The following describes a principle of convolution processing for a two-dimensional array:

as shown in table 1, a two-dimensional array size is 5 x 5, and as shown in table 2 below, the convolution process uses convolution kernels of (1, 0, 1; 0, 1, 0; 1, 0, 1). The array of rows 1, 2, 3 and columns 1, 2, 3 in table 1 is (1, 1, 1; 0, 1, 1; 0, 0, 1), the convolution kernel is multiplied by the data at the corresponding position in the array of the first three rows, and then the multiplied data are added, i.e., 1+ 0+ 1+ 0+ 1+ 4, to obtain the first output value. By analogy, an output matrix with a size of 3 × 3 may be obtained.

TABLE 1

1	1	1	0	0
					0	1	1	1	0
0	0	1	1	1
					0	0	1	1	0
0	1	1	0	0

TABLE 2

1	0	1
			0	1	0
1	0	1

And after one convolution processing, the size of an output matrix is N x N, wherein N is (W-F)/S + 1. The input matrix of the convolution process has a size W × W, the convolution kernel has a size F × F, and the step size is S.

The following describes a principle of downsampling a two-dimensional array:

the three-dimensional array obtained after the convolution processing is decomposed into three two-dimensional arrays, and as shown in table 3 below, the size of one two-dimensional array obtained after the decomposition is 4 × 4, the down-sampling kernel size is 2 × 2, and the step size is 2. The array of rows 1, 2 and columns 1, 2 in Table 3 is (1, 1; 5, 6), with a maximum of 6 in the array. Since the step size is 2, the array of rows 1, 2 and columns 3, 4 is (2, 4; 7, 8), and the maximum value in the array is 8. By analogy, a two-dimensional array as shown in table 4 can be obtained.

TABLE 3

1	1	2	4
				5	6	7	8
3	2	1	0
				1	2	3	4

TABLE 4

6	8
		3	4

The size of the output matrix obtained after the primary down-sampling process is len × len, wherein len ═ X-pool _ size/stride + 1. The size of the input matrix of the down-sampling layer is X, the size of the kernel of the down-sampling layer is pool _ size, and the step size is stride.

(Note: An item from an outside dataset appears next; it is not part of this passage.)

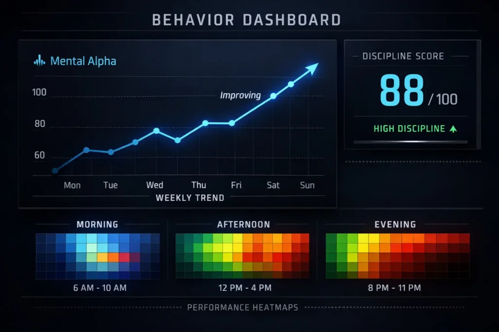 Track your Mental Alpha with Discipline Score, Patience Rating, and Consistency trends.
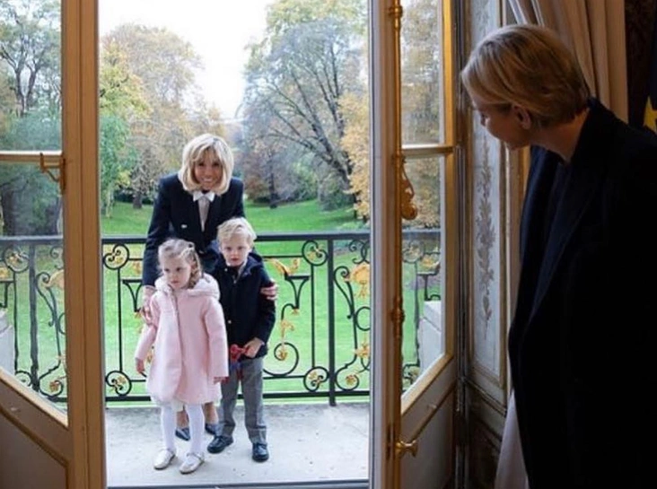 Юных дипломатов и их маму в президентской резиденции принимала сама Первая леди Франции Брижит Макрон, которая лично пожала руки гостям у входа, провела для них экскурсию по своему дому и угостила чаем. На нечетких фотографиях, опубликованных Шарлен, видно, как близнецы с любопытством осматривают Елисейский дворец и, что немаловажно, с удовольствием общаются с его хозяйкой. Компанию мадам Макрон, княгине и ее детям составил Первый пес Франции – черный метис лабрадора и грифона по кличке Немо.

For example, a facial expression picture with 237 × 237 pixels is input into the convolutional neural network model, after the facial expression picture is input into the first convolution unit, because the convolutional layer in the first convolution unit includes 96 convolution kernels with the size of 11 × 11, an array with the dimension of 55 × 96 is obtained after passing through the convolutional layer, and after the array is subjected to downsampling with the kernel of 3 × 3 and the step size of 2, a first three-dimensional array with the dimension of 27 × 96 is obtained; inputting the first three-dimensional array into a second convolution unit of the structure to obtain a second three-dimensional array; inputting the second three-dimensional array into a third convolution unit of the structure to obtain a third three-dimensional array; inputting the third three-dimensional data into a fourth convolution unit of the structure to obtain a fourth three-dimensional array; and inputting the fourth three-dimensional array into a fifth convolution unit of the structure to obtain a fifth three-dimensional array. The size of the fifth three-dimensional array is 6 × 256, and the array with the size of 1 × 4096 is obtained by expanding the fifth three-dimensional array, i.e., 4096 data is obtained. And (3) passing the 1 × 4096 array through a full connection layer with the output data number of 1000 to obtain 1000 data, namely the array with the size of 1 × 1000, wherein the 1 × 1000 array is a feature array of the facial expression picture with the pixel of 237 × 237, and the feature array comprises 1000 data.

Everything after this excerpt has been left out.